任昉也说:“六经素有歌、诗、书、诔、箴、铭之类。
”(《文章缘起》卷首)这些看法还只是总的判断,晋挚虞《文章流别论》则将《诗经》句法与后世诗歌句法一一对接。
到了六朝的刘勰与颜延之更具体地提出各体文章源出五经。
至此,顺流而下的古代学术的源流,与文学逐渐自觉之后逆流而上的文体溯源交汇在一起,五经为文体之源的说法遂成为普遍的观念。
五经既是经,又是圣人之文。
宋孙复《答张洞书》云:“是故《诗》、《书》、《礼》、《乐》、《大易》、《春秋》,皆文也。

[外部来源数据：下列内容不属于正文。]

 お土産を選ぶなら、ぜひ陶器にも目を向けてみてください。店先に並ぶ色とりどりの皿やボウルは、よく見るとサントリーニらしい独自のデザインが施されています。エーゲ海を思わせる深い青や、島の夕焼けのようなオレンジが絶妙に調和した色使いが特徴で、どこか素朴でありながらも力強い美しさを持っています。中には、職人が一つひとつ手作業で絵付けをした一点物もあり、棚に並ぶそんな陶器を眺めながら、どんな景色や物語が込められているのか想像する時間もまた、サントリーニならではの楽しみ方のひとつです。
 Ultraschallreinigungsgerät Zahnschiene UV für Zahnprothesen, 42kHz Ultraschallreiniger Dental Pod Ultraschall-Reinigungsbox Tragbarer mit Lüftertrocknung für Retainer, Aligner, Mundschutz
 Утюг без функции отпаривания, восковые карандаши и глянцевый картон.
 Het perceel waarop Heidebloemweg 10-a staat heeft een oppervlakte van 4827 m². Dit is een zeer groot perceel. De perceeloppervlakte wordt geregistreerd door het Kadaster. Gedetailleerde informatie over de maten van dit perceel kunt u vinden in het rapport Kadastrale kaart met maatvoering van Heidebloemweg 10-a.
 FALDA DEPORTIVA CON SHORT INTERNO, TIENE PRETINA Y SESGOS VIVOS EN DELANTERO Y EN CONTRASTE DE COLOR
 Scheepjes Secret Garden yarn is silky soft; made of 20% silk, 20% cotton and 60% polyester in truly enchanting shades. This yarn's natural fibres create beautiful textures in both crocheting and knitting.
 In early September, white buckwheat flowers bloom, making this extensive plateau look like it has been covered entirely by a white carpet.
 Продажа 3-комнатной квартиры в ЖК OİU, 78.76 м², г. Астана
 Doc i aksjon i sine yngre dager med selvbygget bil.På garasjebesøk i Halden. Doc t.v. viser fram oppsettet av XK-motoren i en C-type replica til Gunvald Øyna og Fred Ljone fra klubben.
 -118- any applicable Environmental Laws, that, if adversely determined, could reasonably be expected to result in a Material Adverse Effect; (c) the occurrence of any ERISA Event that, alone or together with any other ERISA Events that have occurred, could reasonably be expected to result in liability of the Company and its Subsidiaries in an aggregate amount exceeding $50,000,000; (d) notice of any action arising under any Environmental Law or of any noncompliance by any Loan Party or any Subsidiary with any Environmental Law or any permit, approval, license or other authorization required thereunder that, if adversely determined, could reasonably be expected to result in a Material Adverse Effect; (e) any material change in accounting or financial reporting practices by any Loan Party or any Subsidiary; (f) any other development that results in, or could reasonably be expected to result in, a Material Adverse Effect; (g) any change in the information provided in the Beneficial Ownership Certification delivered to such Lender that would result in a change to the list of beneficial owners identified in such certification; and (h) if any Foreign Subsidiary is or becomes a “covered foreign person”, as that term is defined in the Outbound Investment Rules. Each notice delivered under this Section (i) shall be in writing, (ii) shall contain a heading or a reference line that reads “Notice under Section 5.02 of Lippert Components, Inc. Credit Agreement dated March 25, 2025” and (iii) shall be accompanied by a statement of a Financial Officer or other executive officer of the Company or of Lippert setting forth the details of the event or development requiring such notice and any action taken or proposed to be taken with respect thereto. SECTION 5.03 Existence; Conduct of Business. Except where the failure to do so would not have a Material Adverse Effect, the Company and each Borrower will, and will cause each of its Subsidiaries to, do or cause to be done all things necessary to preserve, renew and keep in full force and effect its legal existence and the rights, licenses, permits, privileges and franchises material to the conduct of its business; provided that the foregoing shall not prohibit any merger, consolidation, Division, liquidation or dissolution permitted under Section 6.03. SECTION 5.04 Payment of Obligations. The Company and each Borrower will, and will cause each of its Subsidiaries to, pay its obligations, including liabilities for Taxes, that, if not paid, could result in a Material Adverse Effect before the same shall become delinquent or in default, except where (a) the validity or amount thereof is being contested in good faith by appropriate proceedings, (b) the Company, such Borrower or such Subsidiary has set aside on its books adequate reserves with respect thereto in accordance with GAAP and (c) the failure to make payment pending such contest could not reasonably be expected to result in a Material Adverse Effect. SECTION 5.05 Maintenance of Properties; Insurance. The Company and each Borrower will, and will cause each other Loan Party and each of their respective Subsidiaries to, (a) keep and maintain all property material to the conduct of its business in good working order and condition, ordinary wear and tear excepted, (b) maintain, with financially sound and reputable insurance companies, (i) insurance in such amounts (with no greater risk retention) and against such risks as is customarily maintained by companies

总而谓之经者,以其终于孔子之手,尊而异之尔,斯圣人之文也。
”(《孙明复小集》)因此,古人认为六经乃是文章之极致。
宋陈耆卿《上楼内翰书》云:“论文之至,六经为至。
”(《篔窗集》卷五)宋濂云:“文至于六经,至矣尽矣!其始无愧于文矣乎?”(《徐教授文集序》,《文宪集》卷七)。
明焦竑《刻两苏经解序》:“文之致极于经。
”(《澹园续集》卷一)五经既然是文之极致,那么,五经的体类自然也就成为文章文体分类的渊源。
近人王棻云:“文章之道,莫备于六经。
六经者,文章之源也。
文章之体三:散文也,骈文也,有韵文也。
散文本于《书》、《春秋》,骈文本于《周礼》、《国语》,有韵文本于《诗》,而《易》兼之。
文章之用三:明道也,经世也,纪事也。
明道之文本于《易》,经世之文本于三《礼》,纪事之文本于《春秋》,而《诗》、《书》兼之。
故《易》、《书》、《诗》者,又六经之源也。
”(《柔桔文抄》卷三)叶燮《与友人论文书》说:“六经者,理、事、情之权舆也。
合而言之,则凡经之一句一义,皆各备此三者,而互相发明;分而言之,则《易》似专言乎理,《书》、《春秋》、《礼》似专言乎事,《诗》似专言乎情。
此经之原本也。
而推其流之所至,因《易》之流而为言,则议论、辨说等作是也;因《书》、《春秋》、《礼》之流而为言,则史传、纪述、典制等作是也;因《诗》之流而为言,则辞赋、诗歌等作是也。
数者条理各不同,分见于经,虽各有专属,其适乎道则一也。
而理与道为体,事与情总贯乎其中,惟明其理,乃能出之而成文。
”(《己畦集》卷十三)总之,在古人看来,文章的类别与文体,都可以追溯到五经。
二、从经各有体到文体分类把各类文体分别归于某经,其理论前提是经各有体。
考察六经差异主要有两种角度:一是各经的整体风格不同。
如《礼记・经解》:“温柔敦厚,《诗》教也;疏通知远,《书》教也;广博易良,《乐》教也;洁静精微,《易》教也;恭俭庄敬,《礼》教也;属辞比事,《春秋》教也。
故《诗》之失,愚;《书》之失,诬;《乐》之失,奢;《易》之失,贼;《礼》之失,烦;《春秋》之失,乱。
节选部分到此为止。